Stranger still, Wolfe thinks the First Amendment only applies to the Federal Government and not to State governments, so states could “establish” their own religion if they wanted to (425-30). This is interesting because in Australia, s116 of the constitution is basically a Westminster appropriation of the non-establishment and free exercise clauses of the US First Amendment. But it only applies to the federal government and this has proved to be a problem. There have been two referenda to change it and expand it to apply it to the states (1944 and 1988), but both have failed. The result is disastrous because there is a massive lacuna in religious freedom protections in Australia at the state level which are currently filled with an inconsistent patchwork of laws about discrimination. This is what I wrote about in my Religious Freedom in a Secular Age, it’s why Australia does not have robust religious freedom protections.
Wolfe’s dismissal of liberalism is ironic because missional Protestantism is what really birthed the liberal tradition, with its emphasis on liberty, freedoms, and rights. Just read Tom Holland’s Dominion or James Simpson’s Permanent Revolution: The Illiberal Roots of Liberalism. So the liberal political tradition is a Protestant tradition. It is biblical too. We have liberty of conscience in religious matters, because, as Paul said, “where the Spirit of the Lord is, there is freedom” (2 Corinthians 3:17), and “It is for freedom that Christ has set us free. Stand firm, then, and do not let yourselves be burdened again by a yoke of slavery” (Galatians 5:1).
Iirc some years ago the British journalist Andrew Marr, who became political editor of the BBC, was interviewed in a Christian magazine (Third Way?) and said he feared an evangelical revival because it would be very right wing. At the time I didn't understand what he meant, now I do.

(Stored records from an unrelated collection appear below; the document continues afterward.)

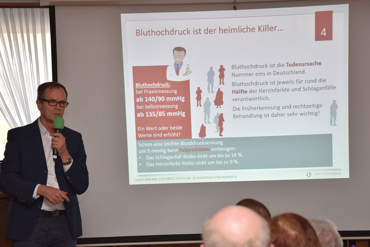 Ursachen der Erkrankung sind meistens eine erbliche Anlage, Übergewicht oder auch Alkohol, seltener Nieren- oder Gefäßerkrankungen, hormonelle Erkrankungen, Medikamente oder auch Schlafstörungen. Eine Änderung des Lebensstils kann bei leicht erhöhtem Blutdruck so viel bewirken wie zwei Medikamente zusammen: Eine Beschränkung der Kochsalzzufuhr, Gewichtsabnahme, regelmäßige sportliche Aktivität, Einschränkung des Alkoholkonsums, Verzicht auf Rauchen und eine gesunde Ernährung mit viel Obst und Gemüse, wenig Fleisch, Fett und Zucker. Ein Zuviel an Salz kann durch Kräuter und Gewürze ersetzt werden. Abschließend ging Dr. Fechtrup ausführlich auf die zahlreichen Fragen der Anwesenden ein.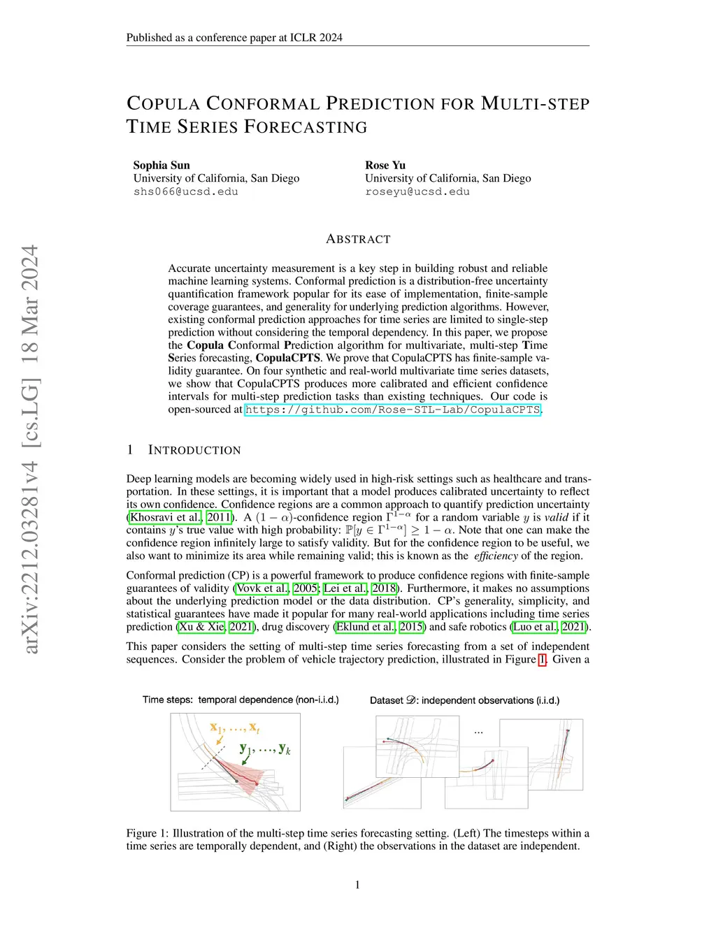 Accurate uncertainty measurement is a key step to building robust and reliable machine learning systems. Conformal prediction is a distribution-free uncertainty quantification algorithm popular for its ease of implementation, statistical coverage guarantees, and versatility for underlying forecasters. However, existing conformal prediction algorithms for time series are limited to single-step prediction without considering the temporal dependency. In this paper, we propose a Copula Conformal Prediction algorithm for multivariate, multi-step Time Series forecasting, CopulaCPTS. We prove that CopulaCPTS has finite sample validity guarantee. On several synthetic and real-world multivariate time series datasets, we show that CopulaCPTS produces more calibrated and sharp confidence intervals for multi-step prediction tasks than existing techniques.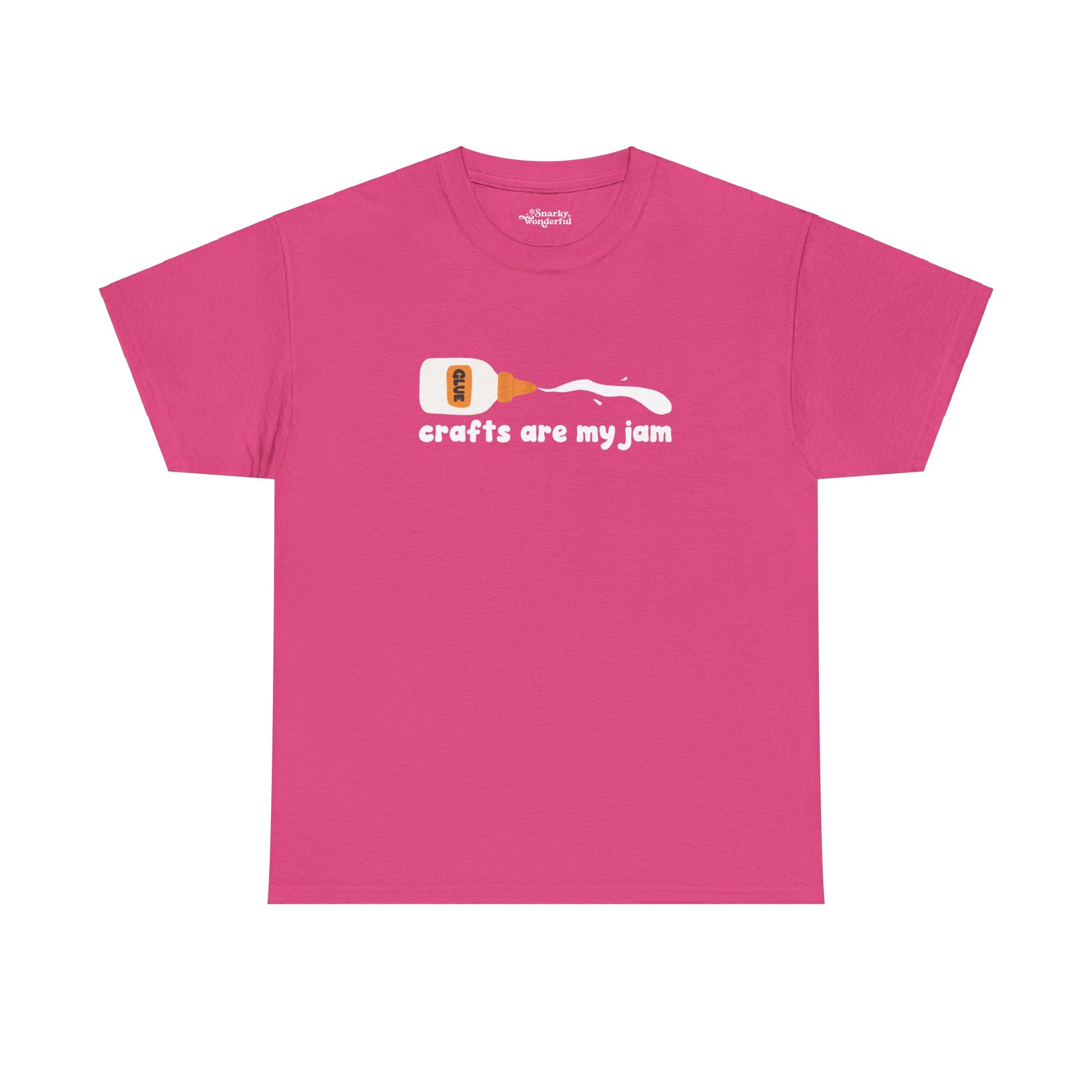 Honor the chaos of creativity with our 'Crafts Are My Jam' t-shirt! This design gives a playful nod to the messy, fun-filled world of crafting. From glue drops to splattered paint, every little mess shows your creative side in action.

That's probably still true but I suspect, worryingly, that things may be changing a bit and the UK is not as invulnerable to Christian Nationalism as it might have been a few years ago. More evangelicals are in churches outside of traditional denominations, the rise of social media and the associated conspiracy theories, coupled with Islamophobia, immigration, multiculturalism, progressive elites who are out of touch with ordinary people, trans rights, all seem to be pushing some Christians towards right wing British nationalism and some right wing politicians are happy to exploit this.